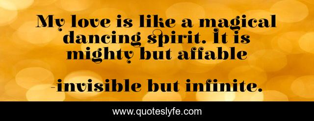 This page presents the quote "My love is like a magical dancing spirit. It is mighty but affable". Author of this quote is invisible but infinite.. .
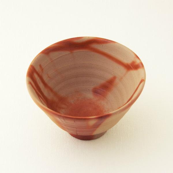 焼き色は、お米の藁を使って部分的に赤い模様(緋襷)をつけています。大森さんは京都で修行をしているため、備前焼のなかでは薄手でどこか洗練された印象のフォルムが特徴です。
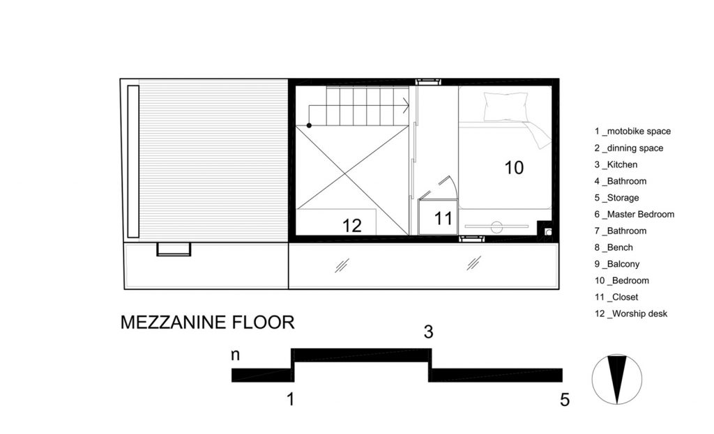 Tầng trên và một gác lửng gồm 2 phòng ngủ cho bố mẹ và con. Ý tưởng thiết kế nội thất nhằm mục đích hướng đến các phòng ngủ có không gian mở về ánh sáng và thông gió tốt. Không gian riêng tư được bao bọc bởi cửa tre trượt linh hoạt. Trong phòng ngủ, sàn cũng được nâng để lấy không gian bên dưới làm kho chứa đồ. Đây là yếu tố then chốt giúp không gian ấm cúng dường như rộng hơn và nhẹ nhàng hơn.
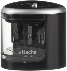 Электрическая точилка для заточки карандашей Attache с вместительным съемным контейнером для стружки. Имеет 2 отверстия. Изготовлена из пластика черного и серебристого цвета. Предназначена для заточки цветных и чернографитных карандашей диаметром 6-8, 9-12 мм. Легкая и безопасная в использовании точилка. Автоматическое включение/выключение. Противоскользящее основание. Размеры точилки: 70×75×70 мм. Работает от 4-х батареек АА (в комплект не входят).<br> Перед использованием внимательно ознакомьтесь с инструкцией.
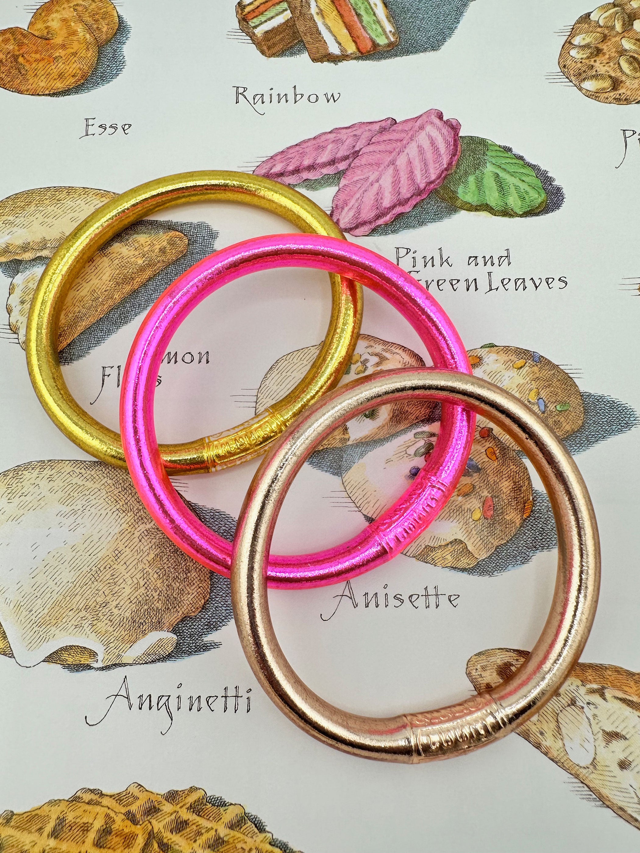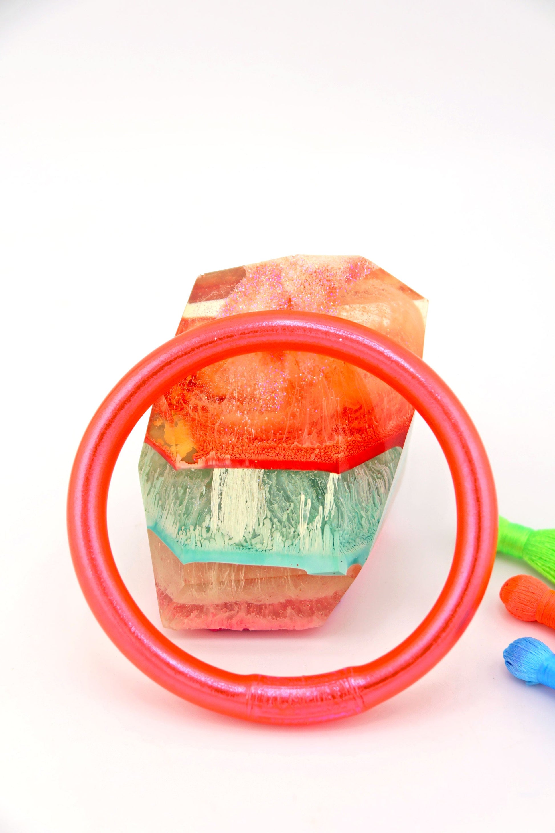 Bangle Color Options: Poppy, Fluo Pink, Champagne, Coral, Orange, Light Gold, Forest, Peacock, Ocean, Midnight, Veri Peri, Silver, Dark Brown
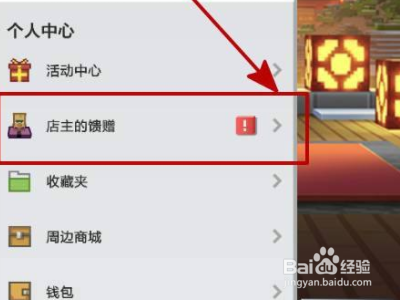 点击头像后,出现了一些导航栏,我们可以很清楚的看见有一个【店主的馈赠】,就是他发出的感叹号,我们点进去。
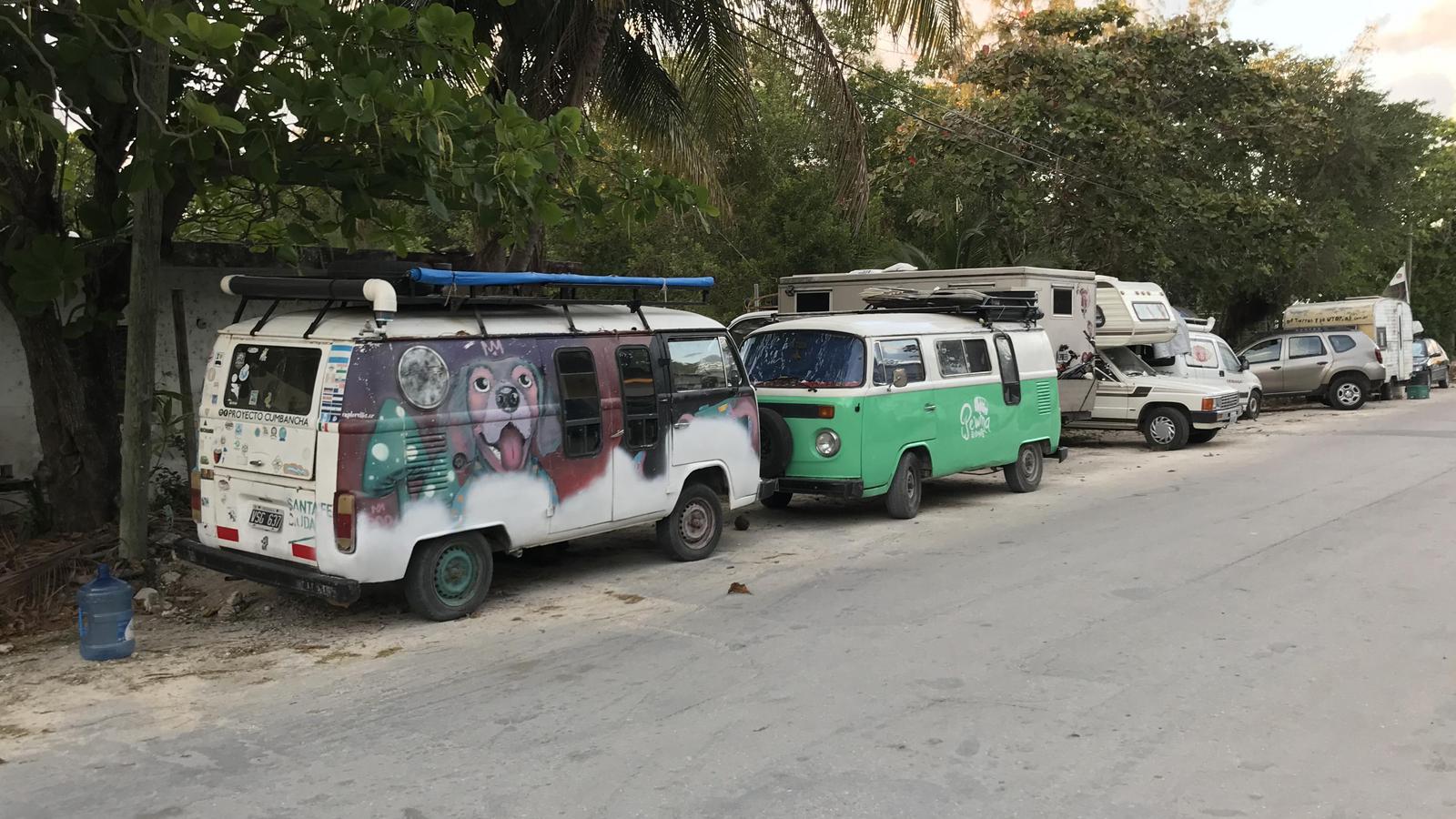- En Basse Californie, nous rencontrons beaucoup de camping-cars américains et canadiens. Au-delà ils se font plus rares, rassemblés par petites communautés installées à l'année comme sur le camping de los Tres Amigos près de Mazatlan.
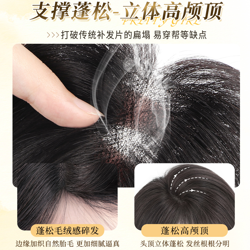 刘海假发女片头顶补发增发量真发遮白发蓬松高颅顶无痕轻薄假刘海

## How to complete this task
Print the part of the listing above that opens with the line containing "Bangle Color Options: Poppy, Fluo" and closes with the line containing "点击头像后,出现了一些导航栏". Copy it exactly, both ends included, and omit the pictures.

## Answer to this problem
 Bangle Color Options: Poppy, Fluo Pink, Champagne, Coral, Orange, Light Gold, Forest, Peacock, Ocean, Midnight, Veri Peri, Silver, Dark Brown
 点击头像后,出现了一些导航栏,我们可以很清楚的看见有一个【店主的馈赠】,就是他发出的感叹号,我们点进去。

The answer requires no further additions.